See also, Anthony v. West Coast Drug Company, 331 F. Supp. 1279 (W.D.Wash.1971). The rationale developed in Hill v. Moss-American, supra, is stated by the textwriter in Wright, Miller & Cooper, Federal Practice and Procedure: Jurisdiction § 3729 as follows:

"The courts allowing removal have argued that the language in the FLSA permitting actions to be `maintained' in state or federal court (1) imply only that actions may be commenced in either court, and does not grant a right to prosecute the case to conclusion in the chosen forum, and (2) does not constitute an express provision prohibiting removal, as is required by the general removal statute, Section 1441(a)."

This Court after considering further development of the law in the almost twelve years since it last considered the issue whether a FLSA case filed in a state Court can be removed to a Federal Court determines that during such period the statutes in question[3] have not been amended and the question remains unresolved by the Supreme Court of the United States or by the Court of Appeals of the Tenth Circuit.[4] It is thus determined that the Court should adopt its holding in Goettel v. Glenn Berry Mfrs., Inc., supra, wherein it stated:

"Thus, though provision has been made in the Act for dual and concurrent jurisdiction between State and Federal Courts of actions brought under the Act, such provision does not render the action non-removable. The action falls within that category of cases stated by Congress to be removable at the option of the defendant and no express provision exists prohibiting or inhibiting such removal."

For the foregoing reasons the Motions to Remand filed by Plaintiffs in each of the three cases herein are denied.
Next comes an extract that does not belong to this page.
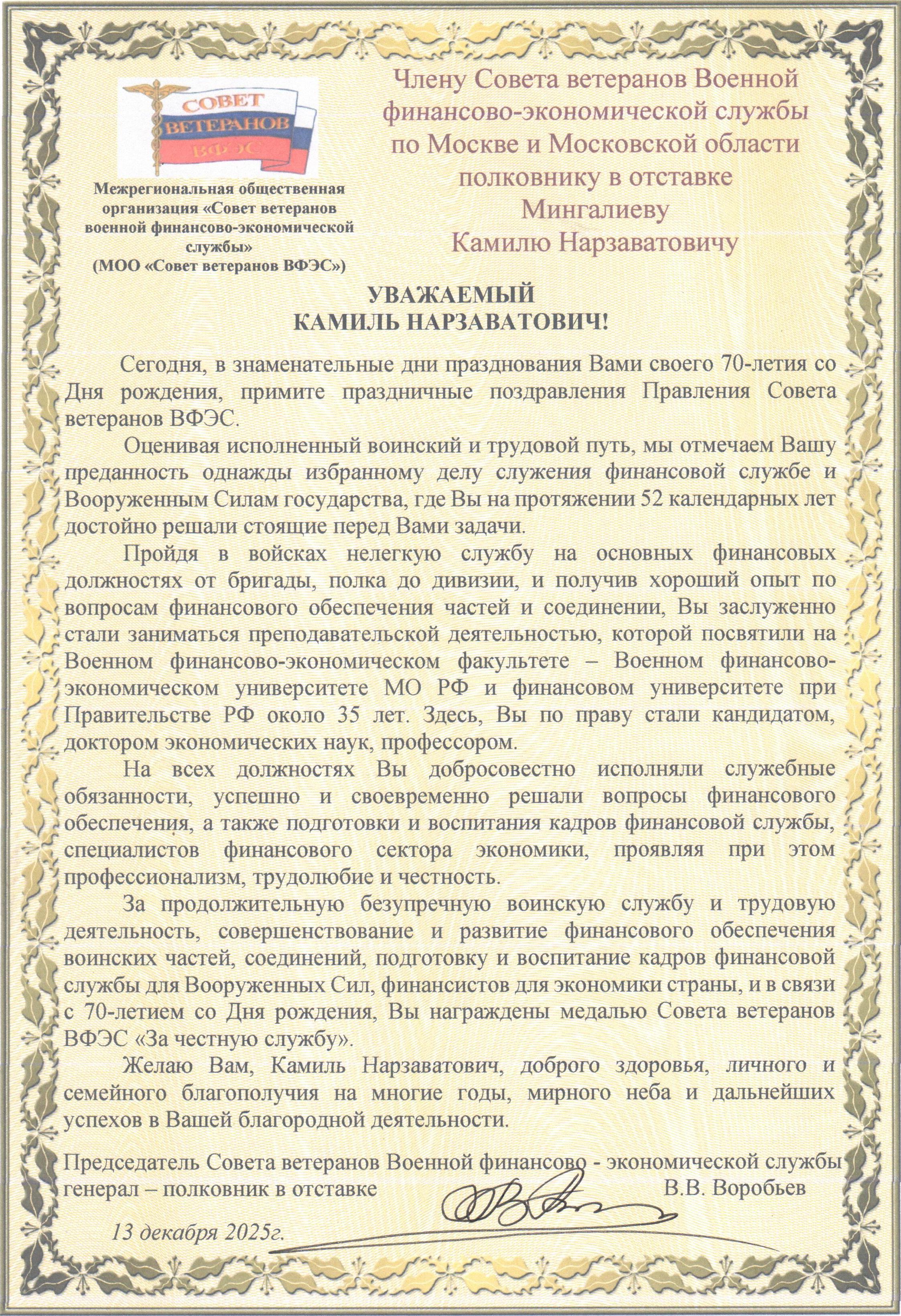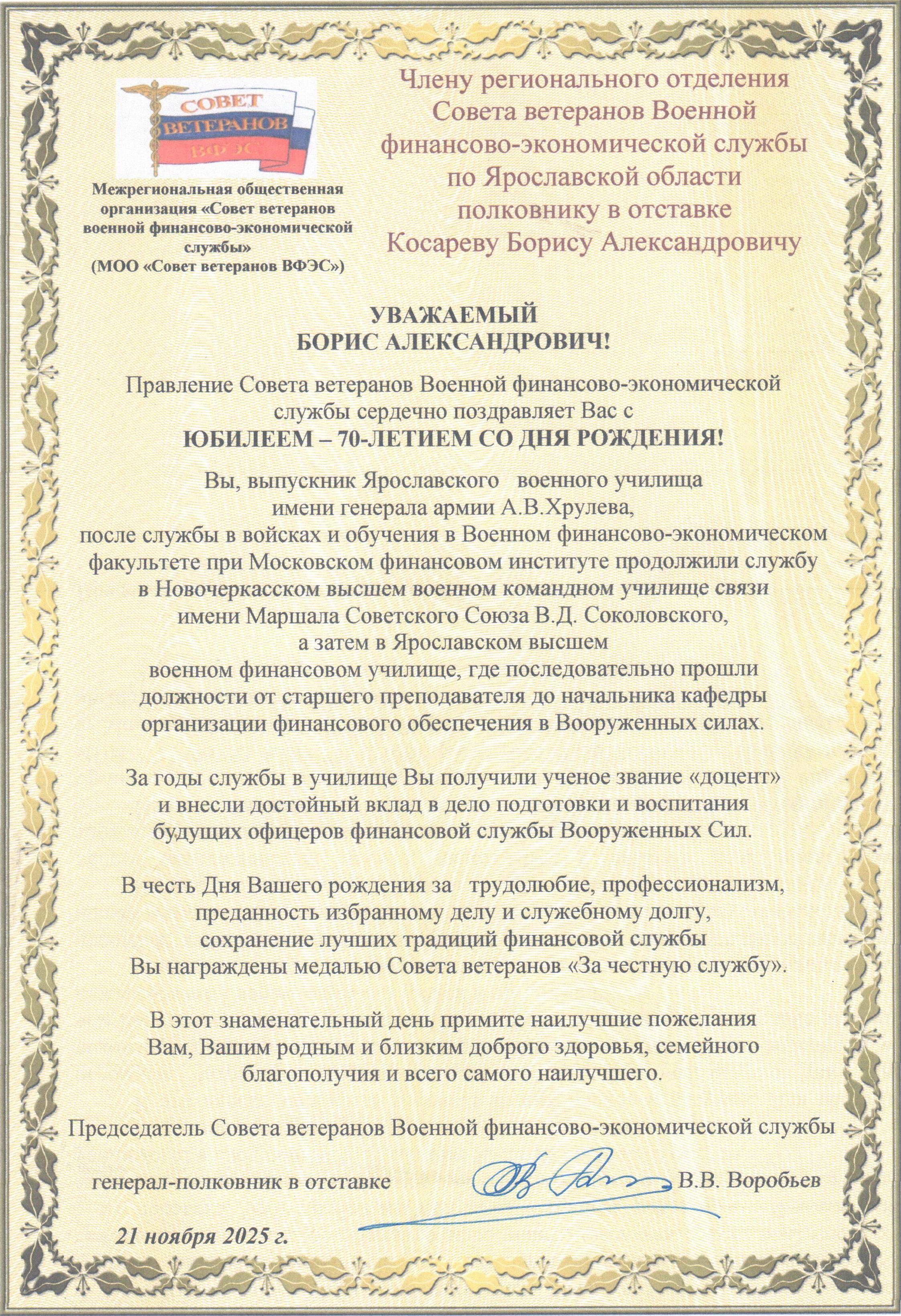 Сегодня, 31 октября 2025 года, член регионального отделения Совета ветеранов Военной финансово-экономической службы по Нижегородской области подполковник в отставке Н.А. Зайцев отмечает свой юбилей. Ему исполняется 70 лет. Николай Александрович в 1974 году поступил в Ярославское высшее военное финансовое училище имени генерала армии А.В. Хрулева, после окончания которого в 1978 году направлен в Дальневосточный военный округ начальником финансовой службы батальона. В 1980 году он был там же назначен на должность начальника финансовой службы полка, а в 1982 году – инспектором-ревизором финансовой службы 270 МСД 15 ОА. В 1987 году после окончания Военного финансово-экономического факультета при МФИ он возглавил финансовую службу армейского корпуса в Московском военном округе, а в последующем, после его развертывания в общевойсковую армию, назначен в ней инспектором-ревизором финансовой службы. С 1992 года по день увольнения в 2003 году проходил службу в Нижегородском высшем военно–инженерном командном училище на должности помощника начальника училища по финансово-экономической работе – начальника финансового отдела. После окончания военной службы с ноября 2003 года по март 2013 года работал на различных должностях в финансовом отделе училища. На всех должностях он добросовестно выполнял служебные обязанности, проявлял честность, трудолюбие и профессионализм, за что награжден многими ведомственными наградами. Приказываю: 1. За достойное исполнение воинских служебных и трудовых задач, личный вклад в обеспечение сохранности государственных материальных и денежных средств и в связи с юбилеем наградить подполковника в отставке Н.А. Зайцева медалью Совета ветеранов «За честную службу». 2. Поздравляя с юбилеем, желаем вам, Николай Александрович, доброго здоровья на многие годы, бодрости духа и семейного благополучия. Председатель Совета ветеранов военной финансово-экономической службы генерал-полковник в отставке В.В. Воробьев 31 октября 2025 г.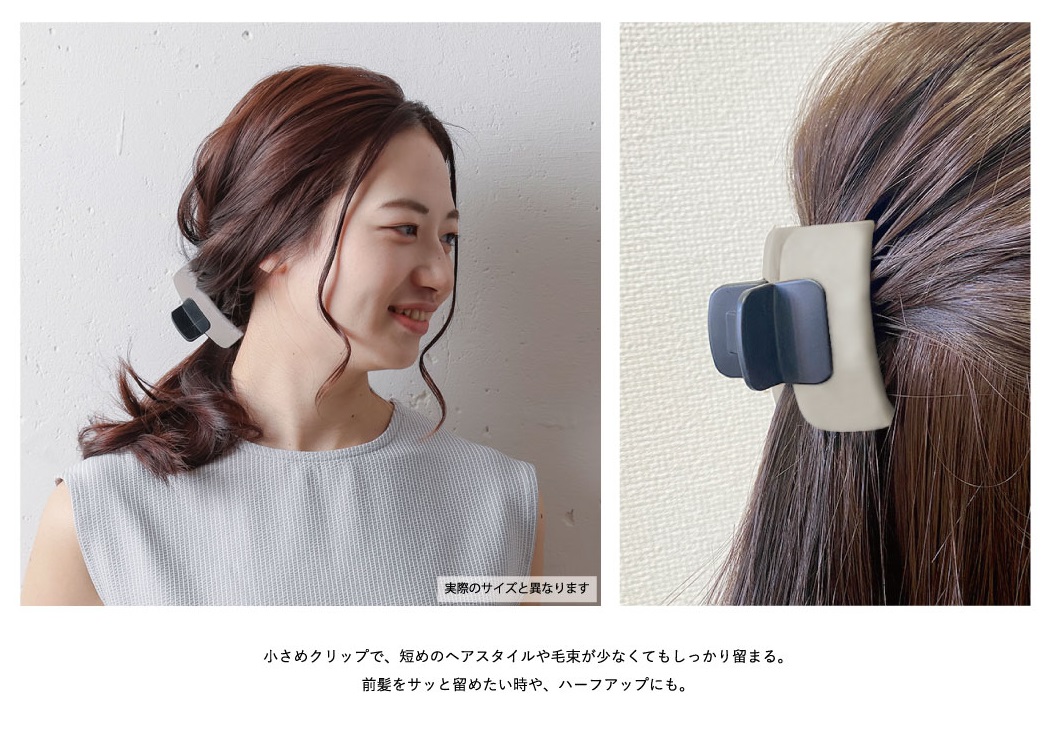 小さめクリップで、短めのヘアスタイルや毛束が少なくてもしっかり留まる。前髪をサッと留めたい時や、ハーフアップにも。

[1] The Complaint filed in State Court properly states Federal Court jurisdiction pursuant to 28 U.S.C. § 1337 for a FLSA case.

[2] Said statute provides:

"Except as otherwise expressly provided by Act of Congress, any civil action brought in a State court of which the district courts of the United States have original jurisdiction, may be removed by the defendant or defendants, to the district court of the United States for the district and division embracing the place where such action is pending." (Emphasis supplied)

[3] 28 U.S.C. § 1441(a) and 29 U.S.C. § 216(b).

[4] The Court is unable to find that any Circuit Court has ruled on the question in point since the 1948 amendment to 28 U.S.C. § 1441(a).